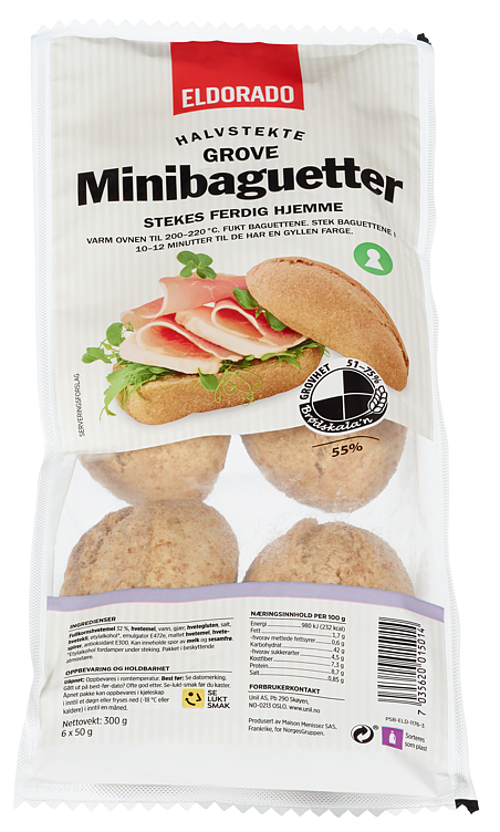 ELDORADO MINIBAGUETTER 6 x 50 g grove halvstekte
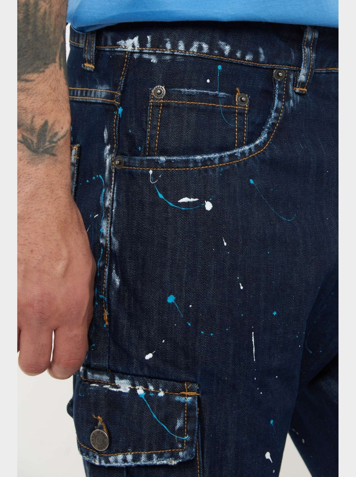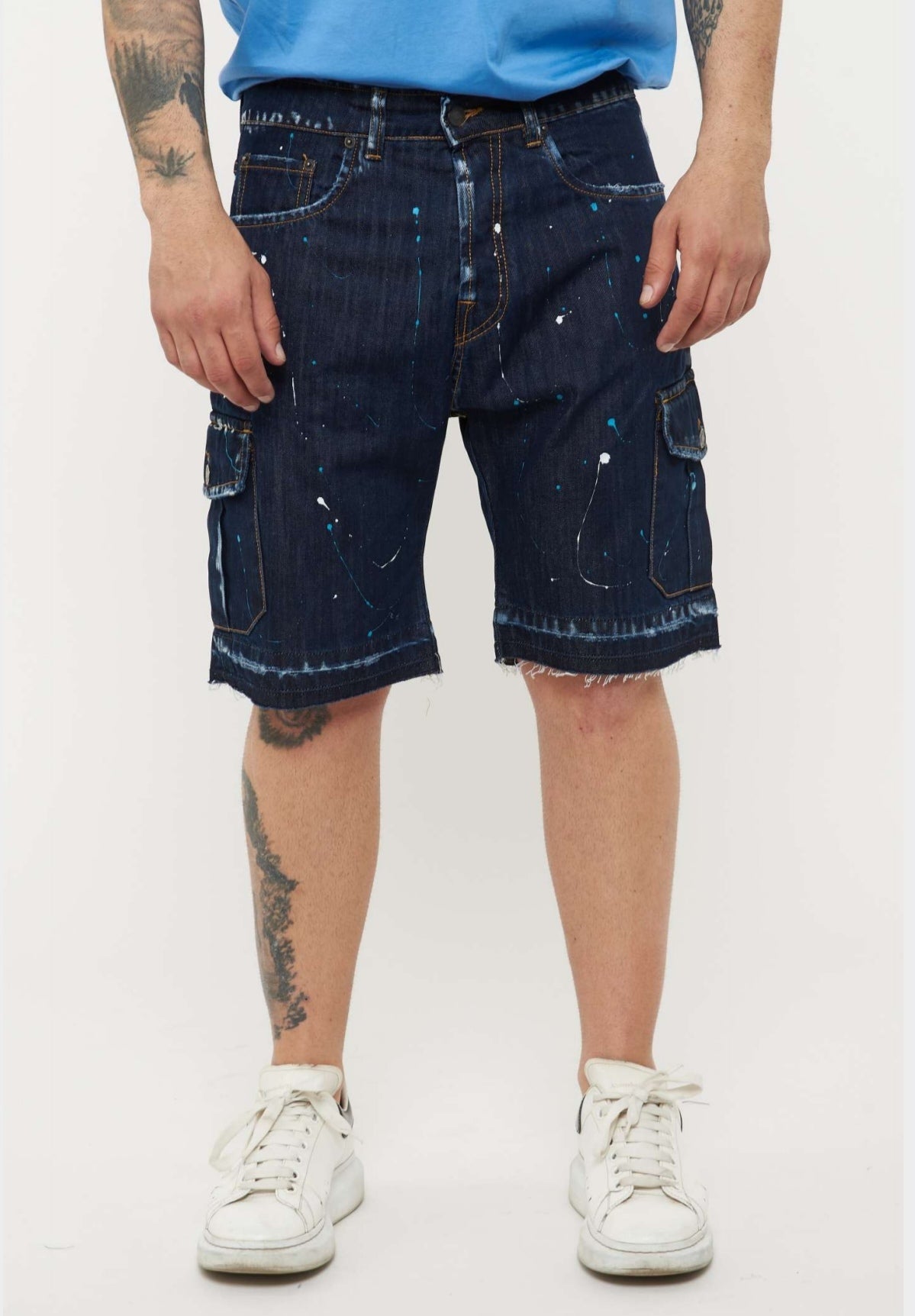 BERMUDA CARGO IN DENIM CON PIGMENTI BLUE E TAGLO VIVO AL FONDO
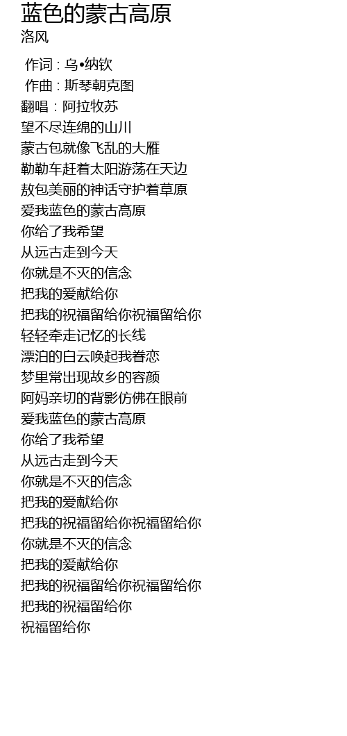 | [01:30.847] | 爱我蓝色的蒙古高原 |
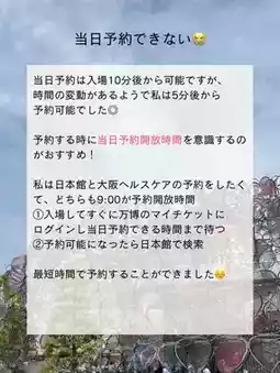 I secured same-day reservations for the Japan Pavilion and Osaka Healthcare!
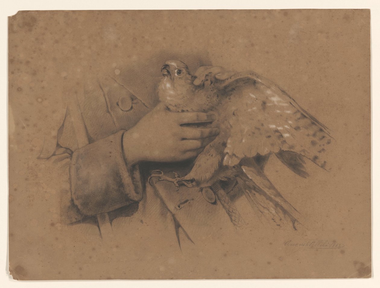 Turmfalke in Händen gefangen(Torenvalk gevangen in handen)August Allebe(draughtsman) |
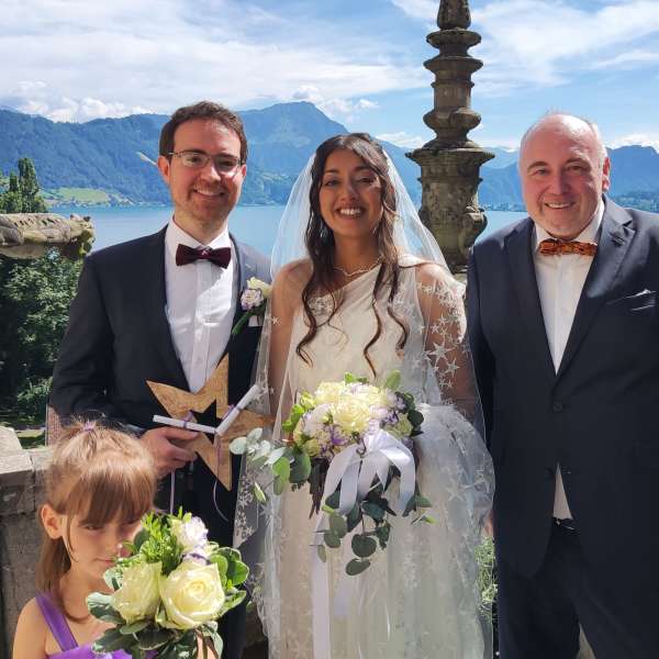 PS: Ich bin gerne auch unterstützend als Hochzeitsplaner oder Tätschmeister/Zeremonienmeister am grossen Tag für euch da. Die Zeremonie dauert zwischen 30 oder 45 min, ihr könnt frei wählen. Etwas Besonderes ist mein Deluxe-Paket, das ich euch gerne präsentiere beim unverbindlichen Kennenlerngespräch.
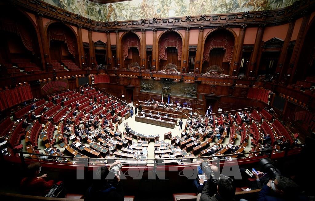 Ngày 18/2/2021, với 535 phiếu ủng hộ, 56 phiếu chống và 5 phiếu trắng, Hạ viện Italy đã tín nhiệm thông qua Chính phủ của Thủ tướng Mario Draghi. Ảnh: AFP/TTXVN
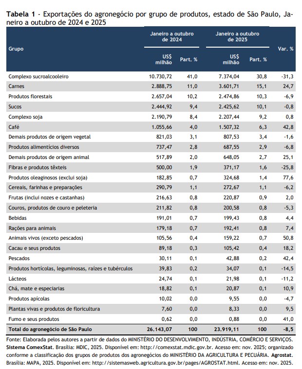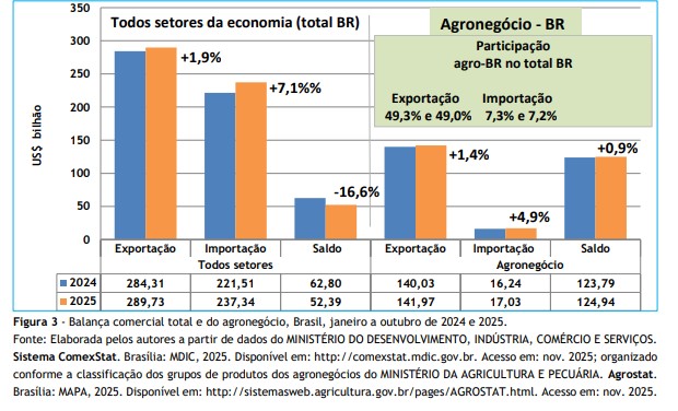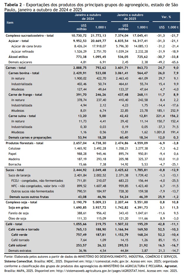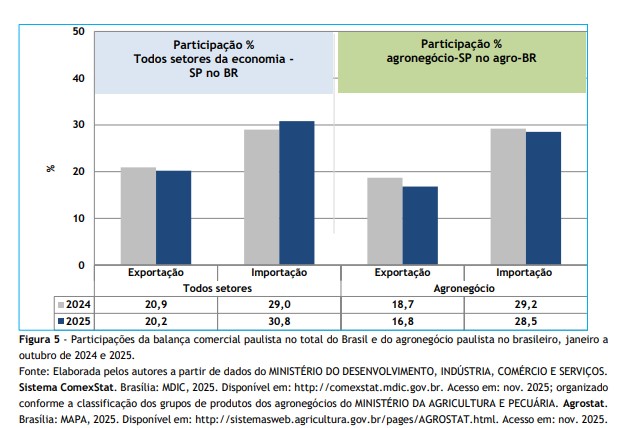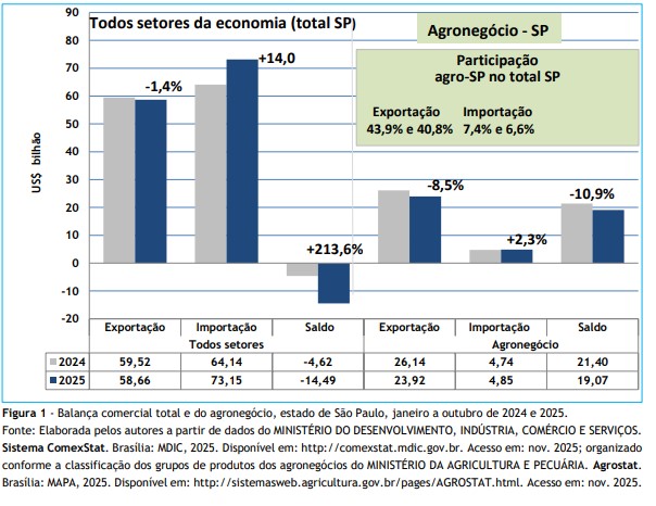 Balança Comercial dos Agronegócios Paulista e Brasileiro, Janeiro a Outubro de 2025
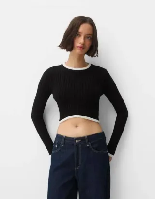 Jersey de canalé con cuello redondo y manga larga. Un básico versátil para tu armario. - Diseño cropped. - Ribetes en contraste.
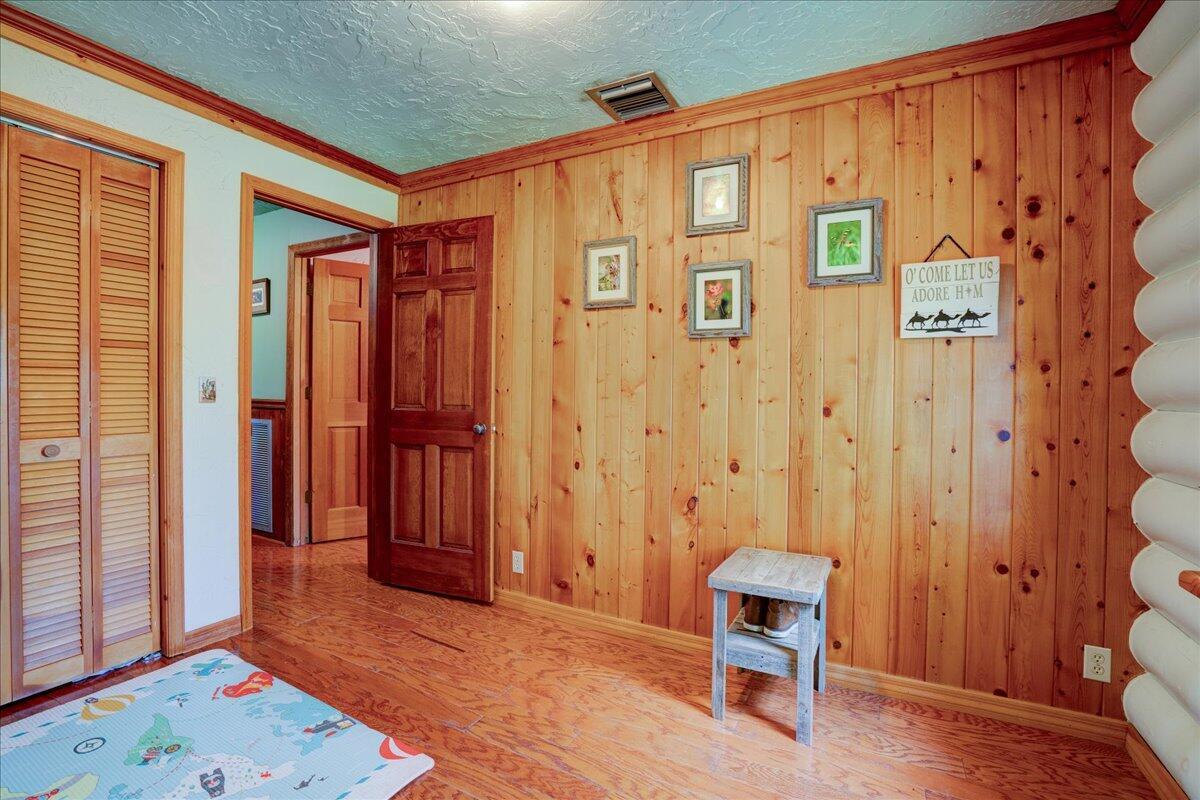 Welcome to this one-of-a-kind 3-bedroom log home, nestled on a sprawling 1.25 lot. This distinctive property exudes rustic charm. Its unique character and the idyllic surroundings make it a perfect opportunity for those seeking a personalized retreat.As you approach the property, you'll be immediately captivated by the classic log construction that exudes warmth and character. The home's exterior features sturdy logs, creating a timeless aesthetic that seamlessly blends with the surrounding landscape. A spacious front porch beckons you to sit back, relax, and take in the peaceful ambiance of the wooded surroundings.Step inside, and you'll be greeted by an inviting interior that showcases the beauty of natural wood. The living area features a wood floor, and pine panel ceiling.
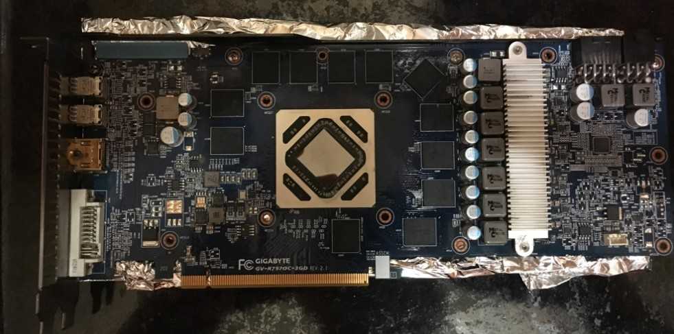 - Теперь необходимо обернуть видеокарту фольгой так, чтобы печатная плата была полностью прикрыта. Иначе высокая температура расплавит текстолит и адаптер придет в негодность. А вот сам чип нужно оставить открытым.
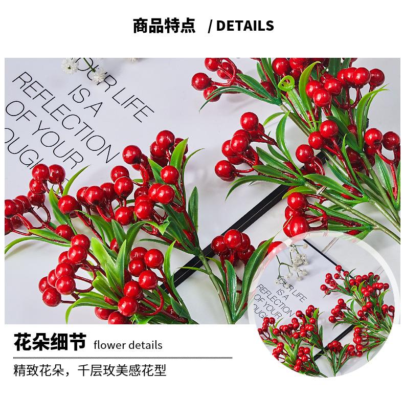 Fruta de la fortuna de simulación, espuma de arándano, fruta falsa, flor de la fortuna, fruta de acebo suave para el hogar, venta al por mayor y al por menor
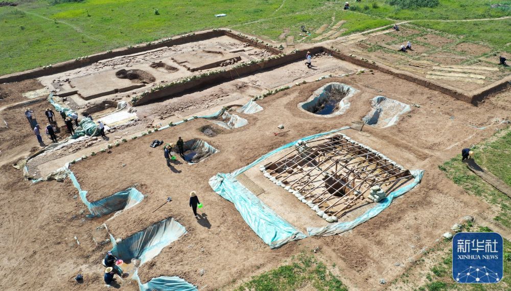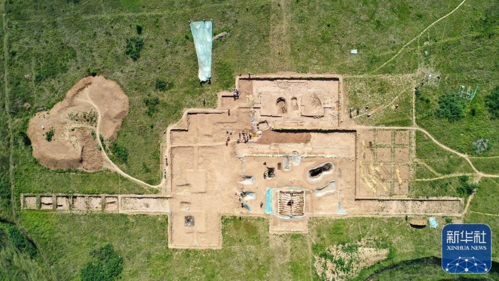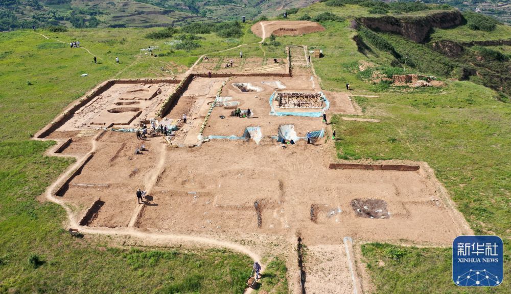 這是2022年6月10日拍攝的甘肅省隴南市禮縣四角坪遺址考古發(fā)掘現(xiàn)場(無人機照片)。新華社記者 郎兵兵 攝
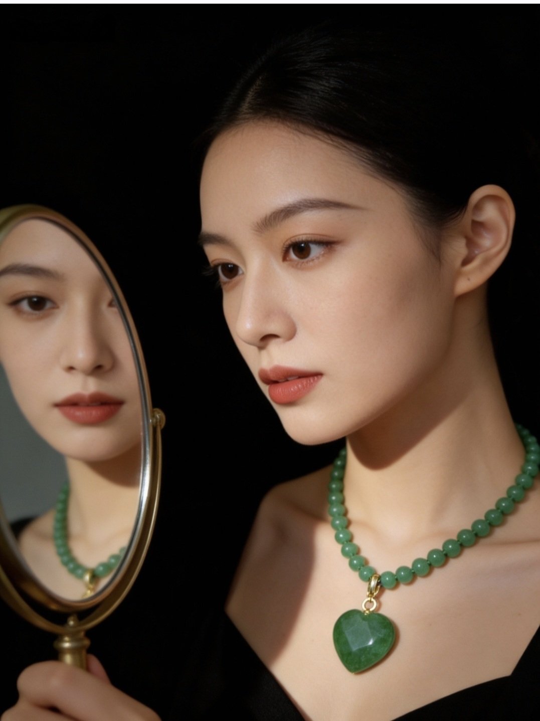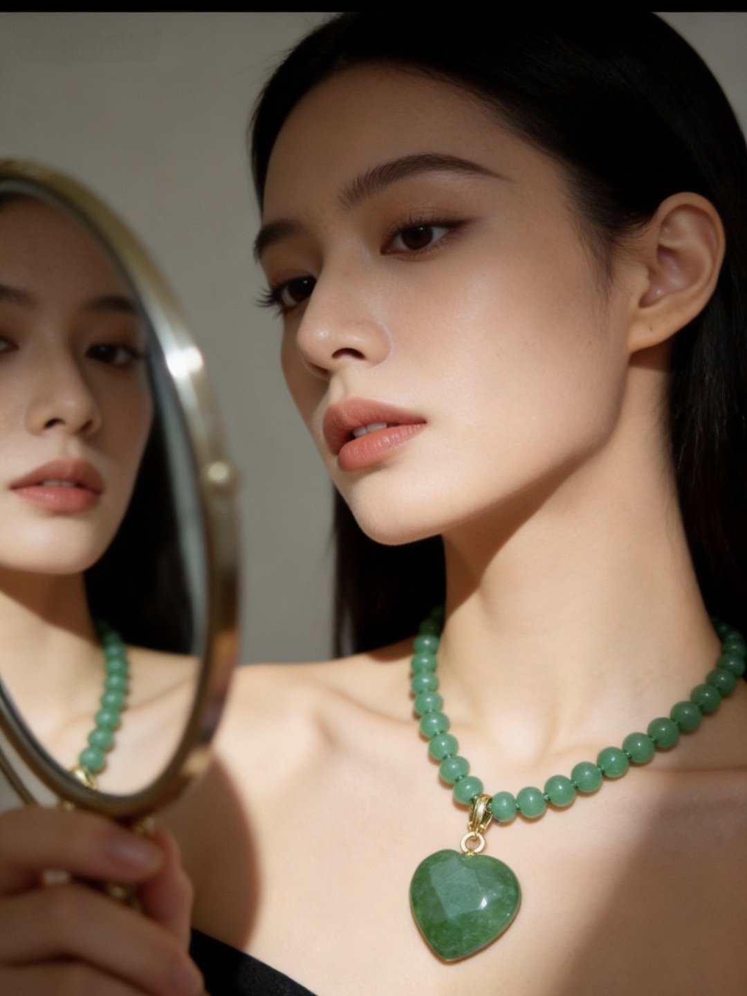 Um pingente todo na pedra Jade, com lapidação briolet.
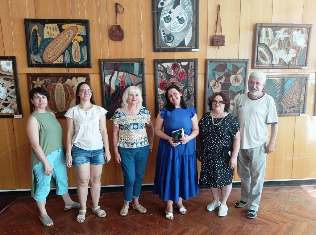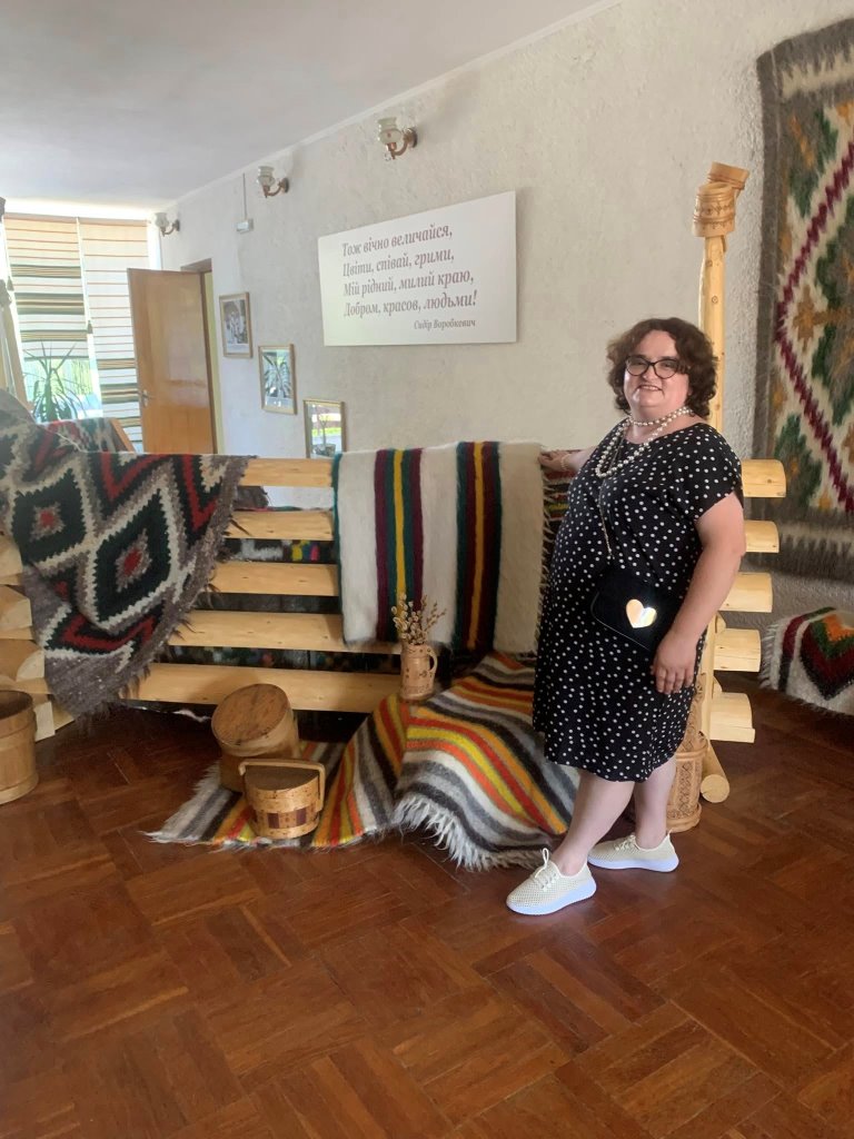 Візуальним тлом розмови і майстерним прикладом трансформації традиції стала виставка художніх виробів зі шкіри авторства Володимира Сидоренка та його учнів – студентів Львівської національної академії мистецтв, Львівського фахового коледжу декоративного та ужиткового мистецтва імені Івана Труша, а також роботи воїнів-учасників проєкту «Незламні». Друга частина студії відбувалася у новоствореному гуцульському просторі, де експонуються гуцульські (як прикарпатські, так і буковинські) ліжники і зразки традиційної боднарки.

* * * * * * *

# How to complete this task:
Please write out exactly the lines from the one containing "Um pingente todo" through the last line of the records above, and leave out any pictures.

# Final answer:
 Um pingente todo na pedra Jade, com lapidação briolet.
 Візуальним тлом розмови і майстерним прикладом трансформації традиції стала виставка художніх виробів зі шкіри авторства Володимира Сидоренка та його учнів – студентів Львівської національної академії мистецтв, Львівського фахового коледжу декоративного та ужиткового мистецтва імені Івана Труша, а також роботи воїнів-учасників проєкту «Незламні». Друга частина студії відбувалася у новоствореному гуцульському просторі, де експонуються гуцульські (як прикарпатські, так і буковинські) ліжники і зразки традиційної боднарки.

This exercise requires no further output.